Tuesday, March 15, 2005

The Way of Milosevic

At the Moscow Times, two contrasting views of Maskhadov's killing. Pavel Felgenhauer writes about the reasons for the murder:
Maskhadov was not a terrorist. As a career army officer, he did not believe in terrorism as an effective weapon. Artillery Colonel Maskhadov left the Russian Army in 1992 to become the rebels' chief of staff because he was a nationalist, not because he was an Islamist. Maskhadov was ready to surrender to Moscow a large portion of future Chechen sovereignty in exchange for a formal declaration of independence and an international guarantee that the Russian military would never again invade Chechnya.

Why did the Kremlin assassinate him then? Why was Maskhadov denied dignity in death and his relatives denied timely access to his body? Chechen separatist sympathizers among the local population will surely hate Russia all the more for this affront. By disgracing Maskhadov, the Kremlin also dishonors its own military, which the deceased leader often defeated in battle. Most Russian generals that fought Maskhadov or negotiated with him held the late Chechen president in high esteem.

In being denied a proper burial, Maskhadov resembles many of his fellow Chechens, the men, women and children who were kidnapped, tortured and massacred by the Russians and their local Chechen henchmen. Under the rule of President Vladimir Putin, occupied Chechnya has many unmarked mass graves.

This, apparently, is the main reason the Kremlin wanted Maskhadov dead and refused to negotiate an end to the war. Even a partial troop withdrawal from Chechnya and the arrival of international missions could document the true level of atrocities, perhaps comparable to those of the Slobodan Milosevic regime in Kosovo. While Putin rules, there will be no peace. The Kremlin rulers do not want to go the way of Milosevic.

In the same issue, writing from a much more Kremlin-friendly perspective, U.S. academic Robert Bruce Ware expresses the belief that
whatever Chechen rebel leader Aslan Maskhadov may have been in 1995 or 1997, he was a terrorist on the day he died. As compared to a monster like Chechen commander Shamil Basayev, Maskhadov might have been described as a "moderate" up to 1998. In January 1997, he became the first and last legitimately elected president of Chechnya. However, his incapacity to cope with pressures endemic to Chechen society led to his drift toward radicalism beginning in the latter part of that year.
Ware considers that
because of his iconic status, Maskhadov's death was necessary for the stabilization of the North Caucasus, but it is far from sufficient. In all but his iconic status, Maskhadov will be quickly replaced, as Basayev would be. In order to begin stabilizing the North Caucasus, the Kremlin first must support human rights and genuine democratic procedures throughout the region, beginning with the upcoming Chechen parliamentary elections. Instead of consolidating corruption, the Kremlin, secondly, must strive to reduce it. Finally, Russian officials must stimulate dramatic and widespread economic development. Otherwise, poverty, unemployment, corruption and despair will continue to nourish radicalism, alienation and instability in the region. Westerners who claim to care about the peoples of the North Caucasus should put their money where their mouths are by offering tangible assistance to stimulate economic development in this region.
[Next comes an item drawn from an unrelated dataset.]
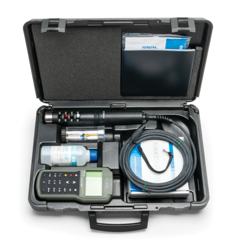 - Sipariş Bilgileri HI98194, HI7698194 probu, HI7698194-1 pH/ORP sensörü, HI7698194-3 EC sensörü, HI7698194-2 DO sensörü, HI 76981942 Prob bakım kiti (HI 7042S DO elektrolit solüsyonu, DO membran kapakları (5), sensörler (5), O-ringleri yağlamak için gresli şırınga), HI9298194 Hanna PC yazılımı, HI920015 mikro USB kablosu, 1.5V AA piller (4), kullanım kılavuzu, hızlı başlangıç kılavuzu, kalite sertifikası ve özel tasarımlı sağlam taşıma çantası termoform uç.

Meanwhile, it's reported that the house in which Maskhadov was killed has been demolished by Russian special forces, and speculation about the details of the assassination continues, with a suggestion, based on eyewitness accounts and off-the-cuff statements by Ramzan Kadyrov, that Maskhadov was actually shot in an execution-style murder, with a subsequent attempt by special forces to make his death seem the result of a "battle" which never actually took place.